# Early 1970's Peugeot UO8...all original...one owner.



## HARPO (May 24, 2017)

Well, almost all original. Missing is the leather saddle that was changed out many, many years ago by the original owner who I just bought the bike from. I just replaced the original Hutchinson tires that were all dried out...yet kept the Hutchinson tubes that are still holding air!
NOTHING on the bike (except the saddle) had been changed since it was purchased. The decals are in perfect condition, and just minor chips exist on the frame. The brake cables have cracked in a few places, but even the brake pads are original and show little if any wear. 
The Simplex front derailleur, which we all know is prone to breaking/cracking, is even in perfect shape. 
All in all, a true survivor...unmolested in over 40 years of ownership. And barely ridden when the original owner had it.
Frame size is way to small for me, but I had to have it anyway. Still, I'll be listing it for sale here on Long Island (pickup only) shortly to someone I hope can appreciate it. Bikes this old in this condition rarely come along...

fred


----------



## bulldog1935 (May 24, 2017)

pretty amazing find.  Now you have to ride it - looks like the owner didn't...


----------



## Dale Alan (May 24, 2017)

Very nice,that is a real beauty . I have always enjoyed their ride . I had one similar I went through and gave it to a youngster that wanted to try some "Old Steel" , as he called it...He loves it. Mine had a broken FD and guard so was not 100 percent original.


----------



## Cranky Chain Cycles (Mar 16, 2019)

What's a fair price for one of these w/o the pump?


----------



## juvela (Mar 16, 2019)

-----


Dating -

here is the U.S. market catalogue page for 1974.

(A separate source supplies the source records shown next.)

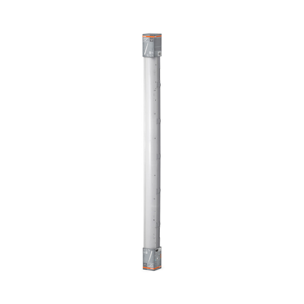 Lampes étanches à la vapeur pour tubes LED. Caractéristiques du produit : luminaire pour pièces humides avec tube LED pour fonctionnement sous tension secteur. Luminaire LED durable et économe en énergie. Protégé contre la poussière et les jets d'eau (IP65). Sans mercure et conforme RoHS. Presse-étoupe M20 pour câbles de 8-12 mm. Non dimmable. Avantages du produit : économies d'énergie jusqu'à 65 % par rapport aux luminaires avec tubes fluorescents T8 sur CCG. Installation facile grâce à l'espace amélioré pour les supports de montage et au couvercle facile à ouvrir. Changement de lampe rapide et simple. Tube LED TUBE Star PC extrêmement incassable inclus. Bonne illumination uniforme. Domaines d'application : caves, garages, entrepôts. Usage intérieur uniquement. Équipement technique : LED TUBE STAR PC EM est fourni avec le produit. 1265 mm x 72,0 mm x 86,0 mm
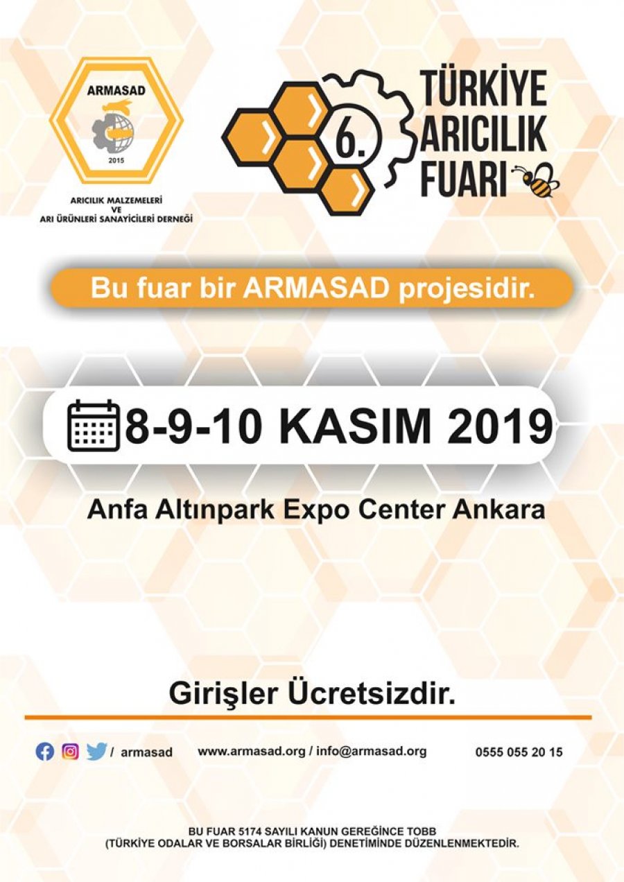Kongre ve Fuarlar Arıcılık KongreleriArıcılık FuarlarıTarım FuarlarıArıcılık FestivaliArıcılık ÇalıştayıDünya Arı GünüArıcılık KonferansıArıcılık SemineriArıcılık Eğitimi 8-10 Kasım 2019 Ankara Armasad Arıcılık Fuarı 8 Kasım 2019 https://www.armasad.org/?fbclid=IwAR3FNje0M7mIInLfCMzvVi2lT9IsyP21zHOf7NWd1H620jQgRoEVlOkX1cs
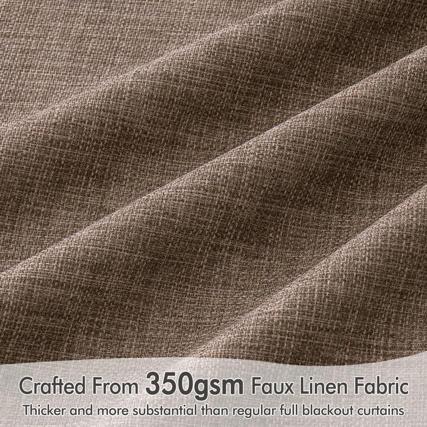 • INNOVATED MATERIAL: Crafted from premium thick linen-like fabric with a substantial weight of 350 GSM, these curtains surpass standard blackout options in thickness, luxurious texture, and functionality. The advanced four-layer coating ensures 100% light blocking, insulation against heat and cold, and effective noise reduction. The vintage burlap texture adds timeless charm and highlights their high-quality feel. Energy-efficient and durable, they provide privacy and a cozy atmosphere year-round
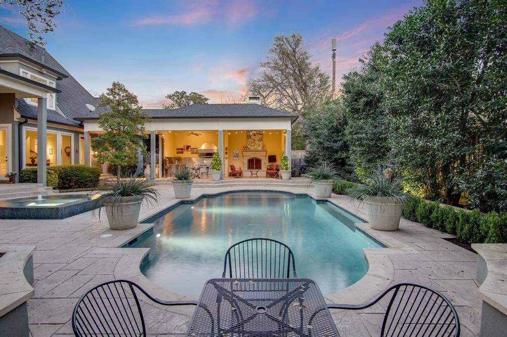 Outdoors, you'll find a true retreat. A large pool and separate oversized spa anchor the expansive terraced deck, creating the perfect setting for entertaining or relaxing. The outdoor living area is complete with a chef's kitchen, a dedicated sitting area, and a stunning cast-stone fireplace — an entertainer's dream.
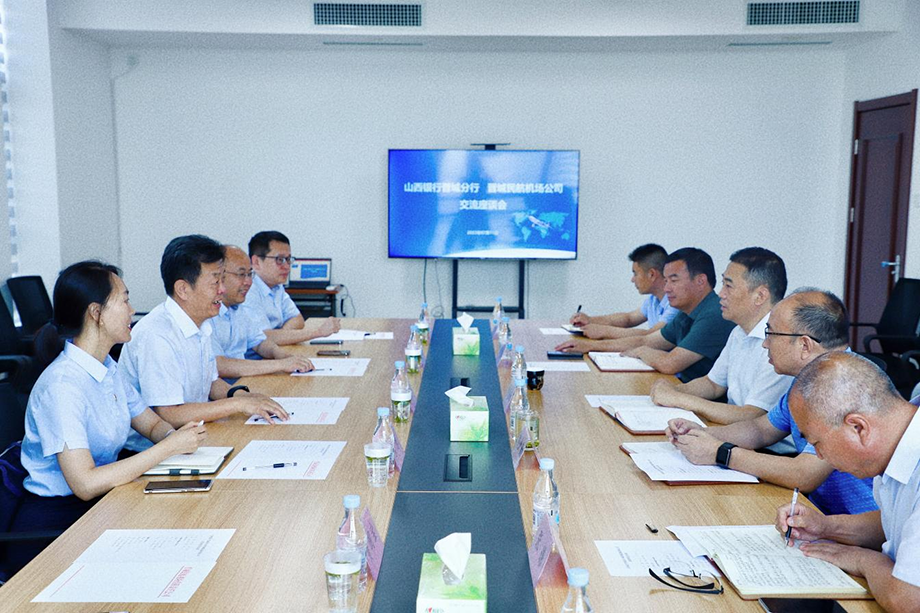 7月11日上午,山西銀行晉城分行行長(zhǎng)張建國(guó)一行與機(jī)場(chǎng)公司舉行交流座談會(huì)議,了解機(jī)場(chǎng)進(jìn)展和投資建設(shè)模式,雙方就銀企合作等方面進(jìn)行了深入交流。
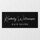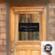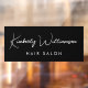 Elegant and chic black window cling for your business with a minimalist vibe featuring your company name or brand in a stylish white signature script and additional text in simple modern white lettering.
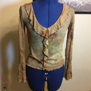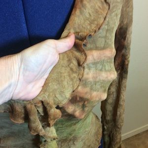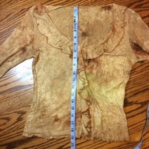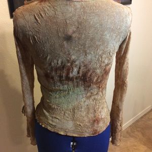 Super sheer and stretchy, 3/4 sleeve with slit bell sleeve ends. Wrinkly look fabric. Colors are tan, gold, dark orange.
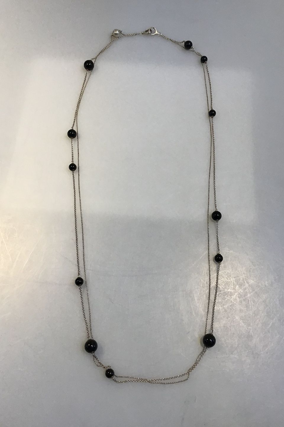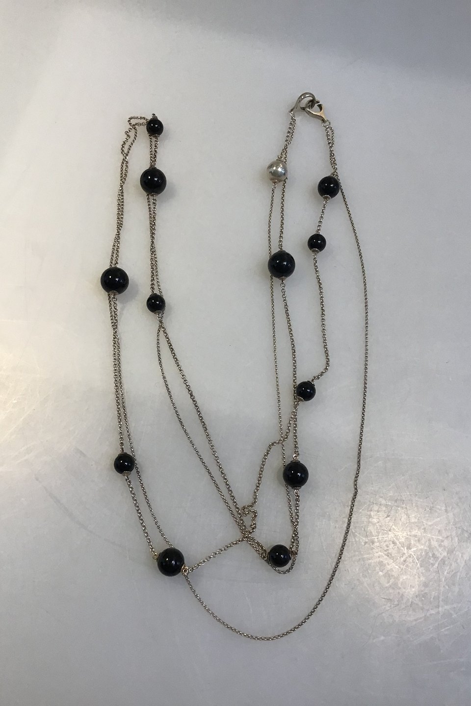Georg Jensen Sterling Sølv & Onyx 2-radet Kugle Halskæde Måler 100 cm Vægt 34.3 gr
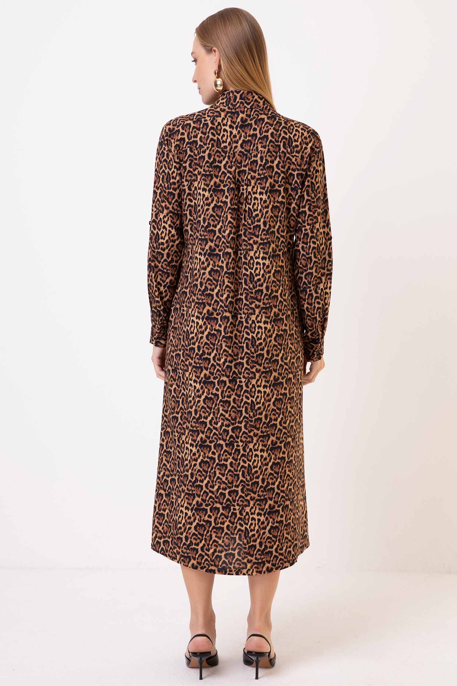 O Vestido Chemise em Viscocrepe com Estampa de Onça é a peça perfeita para quem busca elegância e modernidade. Com manga longa e comprimento midi, oferece um caimento sofisticado e confortável. O tecido leve e fluido proporciona movimento, enquanto a estampa animal print garante um toque fashion e ousado. Ideal para diversas ocasiões, pode ser usado com salto para um look refinado ou com tênis para um visual despojado e estiloso.
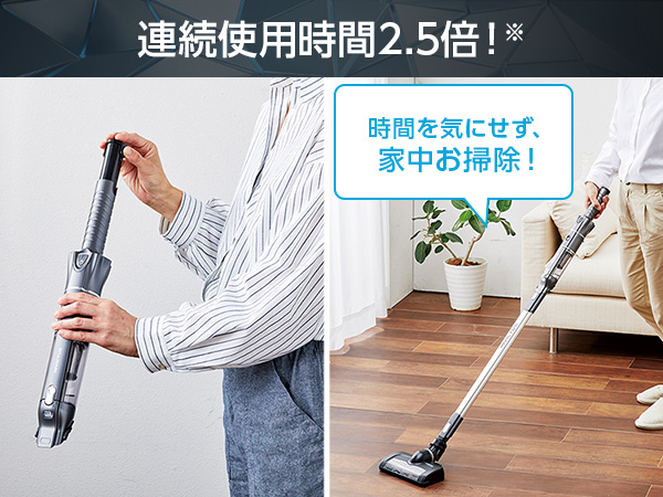 すみずみまで好きなだけお掃除してください。取り外し可能なバッテリーで、連続使用時間も2.5倍に!※
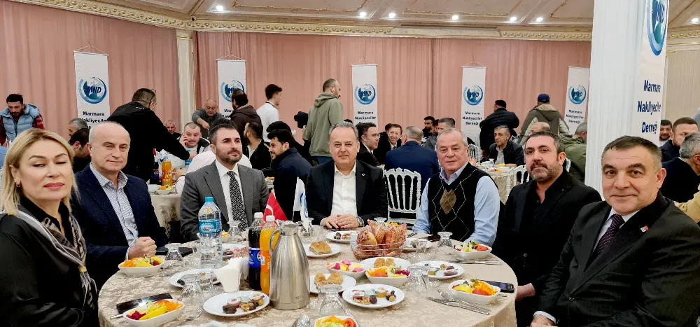 HABER / NEZİR KARAYÜN / BEYLİKDÜZÜ - Marmara Nakliyeciler Derneği Başkanı Halil Kanat, yönetim kurulu üyeleriyle birlikte dernek üyelerini ve Beylikdüzü protokolünü iftar programında ağırladı. Ramazan ayının manevi ikliminde gerçekleşen buluşma, hem sektörün sorunlarının konuşulduğu hem de birlik ve beraberlik mesajlarının verildiği anlamlı bir akşam olarak hafızalara kazındı.
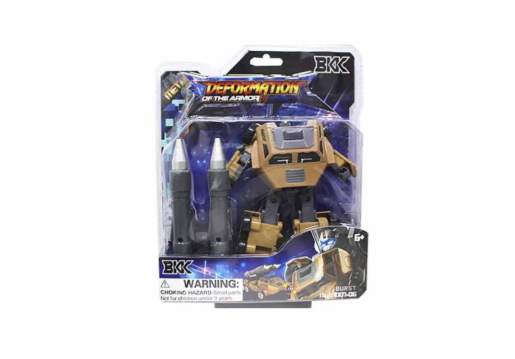 Robot nebo auto? Tento robot se jednoduše přemění v auto a naopak. Uspořádej bitvu robotů nebo bitvu aut! Autíčko má kovovou karoserii s plastovým prvky. 5 druhů (bombardovací/stíhačka/raketové vozidlo/tank/obrněné vozidlo), nasbírej je všechny!
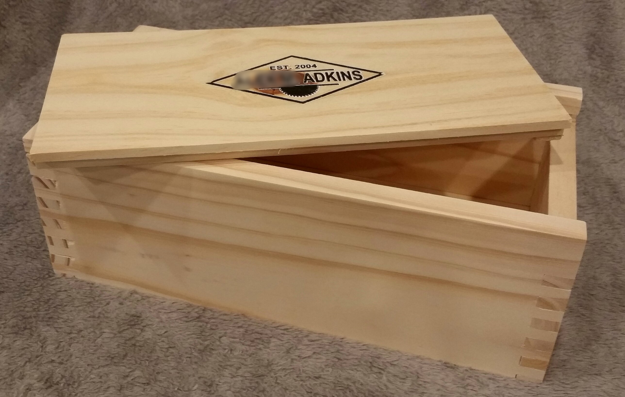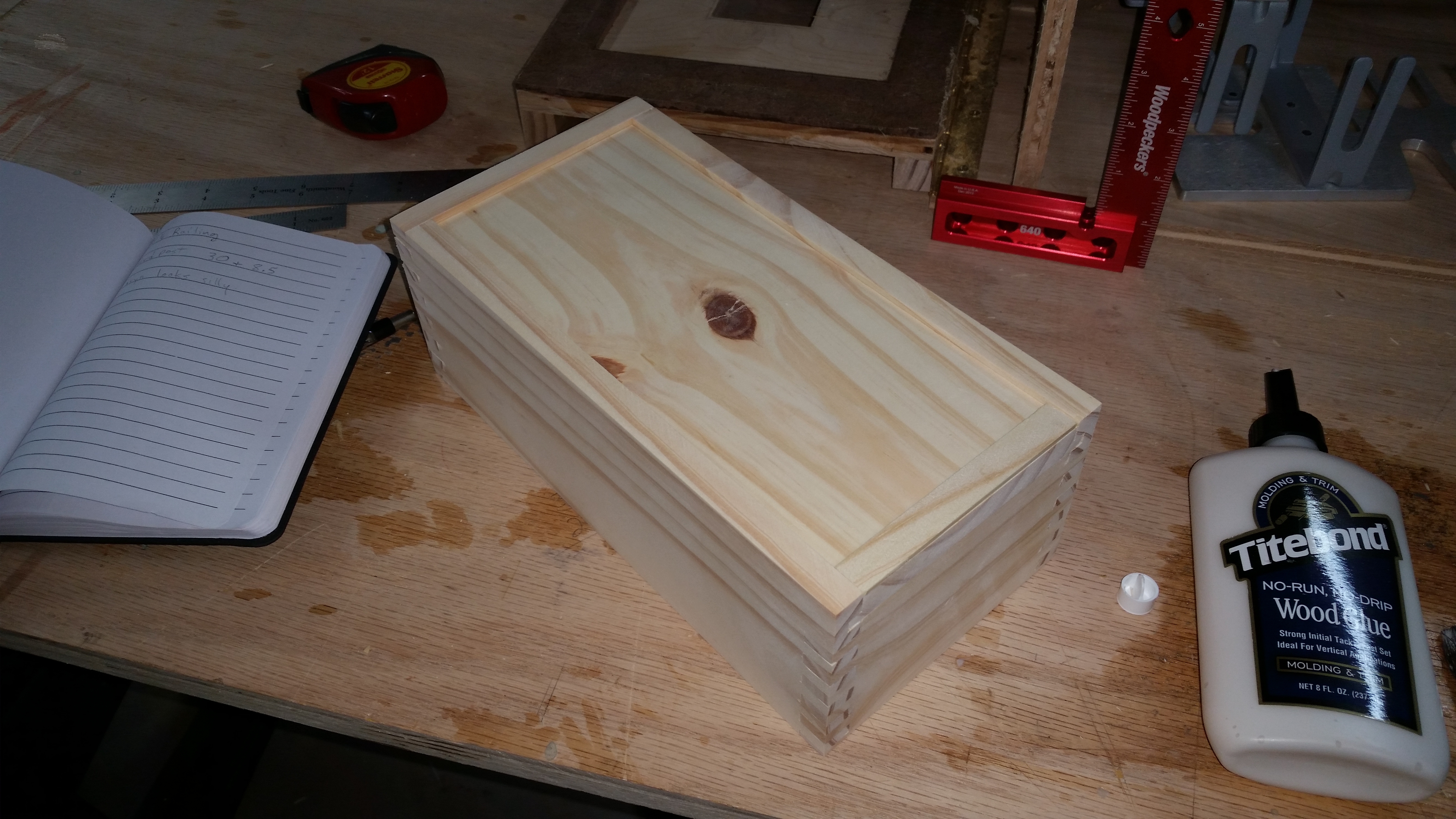 This box was made as a challenge from /r/woodworking on Reddit in October of 2015. The idea was to make a box in one hour, or as much as you could. I was able to make the entire box in under one hour, without finish. I added my logo to the underside of the box after the one hour mark. The wood was reclaimed SPF from pallets.
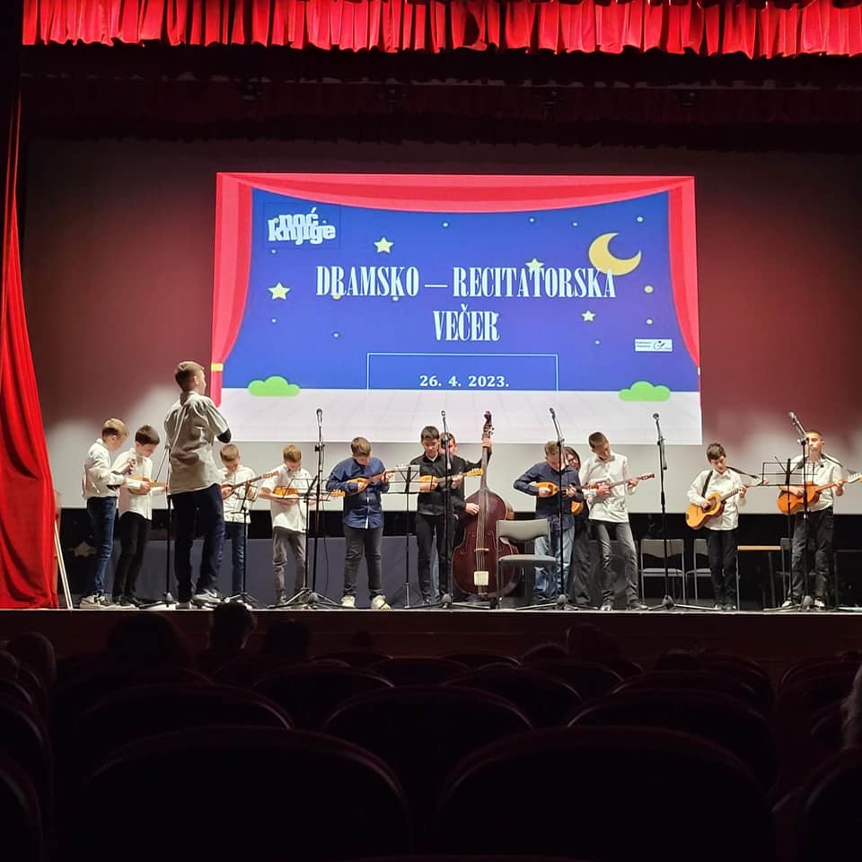 Povodom manifestacije Noć knjige, u srijedu 26. travnja 2023. u Hrvatskom domu Glina, a u organizaciji Knjižnice i čitaonice Glina održala se dramsko - recitatorska večer na kojoj je sudjelovala i naša glazbeno-dramsko-scenska skupina pod mentorstvom učitelja Marija Ožakovića. Učenici su izveli predstavu s ovogodišnjeg Lidrana Začarani tamburaš i to vrlo uspješno što je potvrdio i veliki pljesak publike.
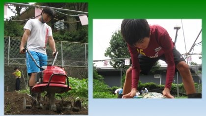 蒸し暑い中,農園の生徒たちは,それぞれの作業に取り組んでいました。耕運機を操作して土を耕したり,畑作りのために肥料を撒いたりしました。また,畑の周りの除草をする生徒もいました。
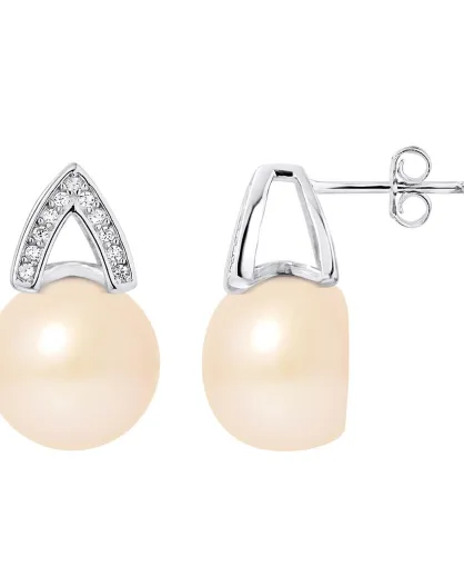 Orecchini in argento, zirconi e perle d'acqua dolce a pera rosa naturale
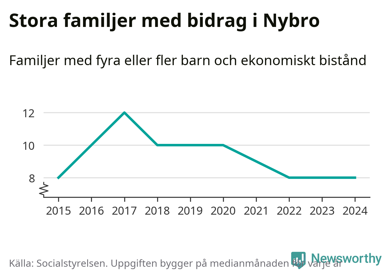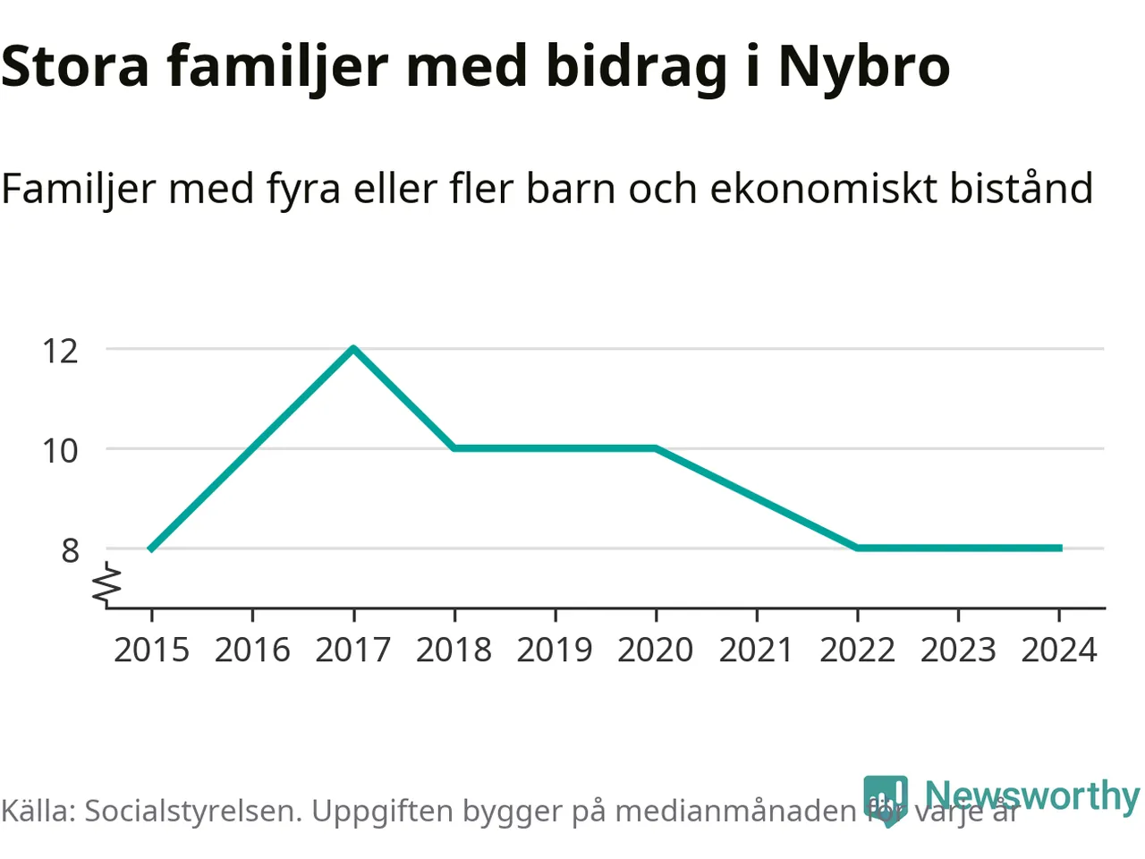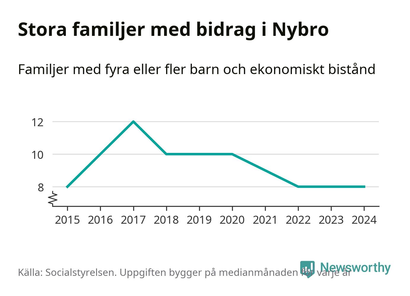 Det är den lägsta medianmånadssiffran i kommunen under de senaste tio åren. Året med högst snitt, 2017, var det tolv familjer.
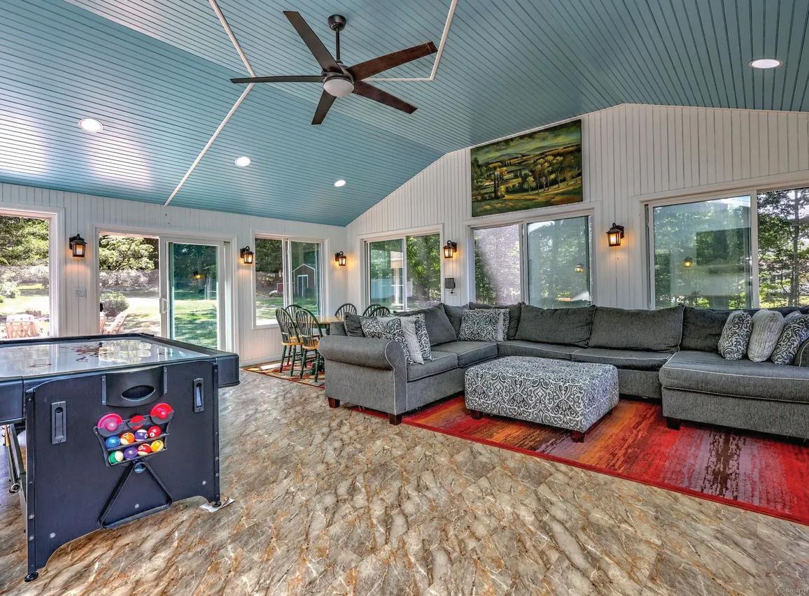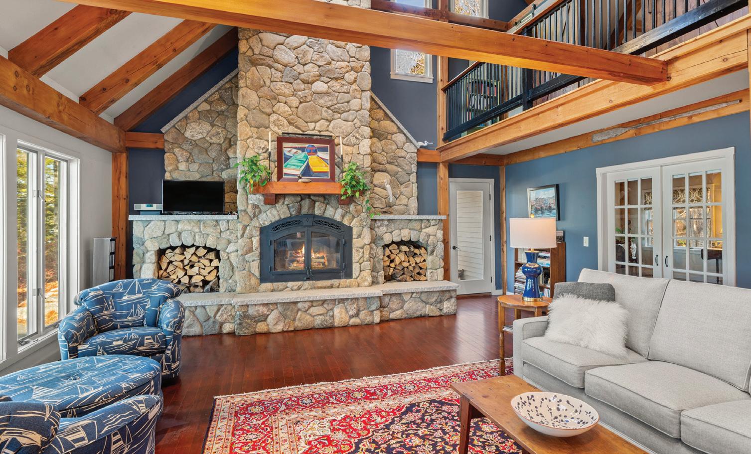 A hand-carved staircase and gourmet kitchen anchor the home’s thoughtful design, flowing into elegant living and dining spaces and a great room with a wood-burning hearth. The three-season porch and Italian-imported pizza oven invite alfresco gatherings beneath the stars, all supported by a state-of-the-art geothermal system for year-round comfort.
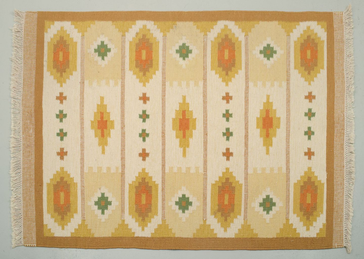 Swedish handwoven carpet in pure wool. Rölakan technique. Ochre yellow, orange, green, and white colors in a geometric pattern.Mid-20th century.

note cycle still wears the Lyotard 36 pedals with bolt-on Cibie reflectors rather the the Lyotard 136R with integral reflectors.

note head emblem is still a transfer rather than a 3D one affixed with rivets.

doubt machine can be earlier than the 1975-76 time. (unable to locate '75-'76 catalogues online)

specific datum can be harvested from Lucien stern mech -





Rampant lion missing his _chapeau de valve arriere._

_-----_


----------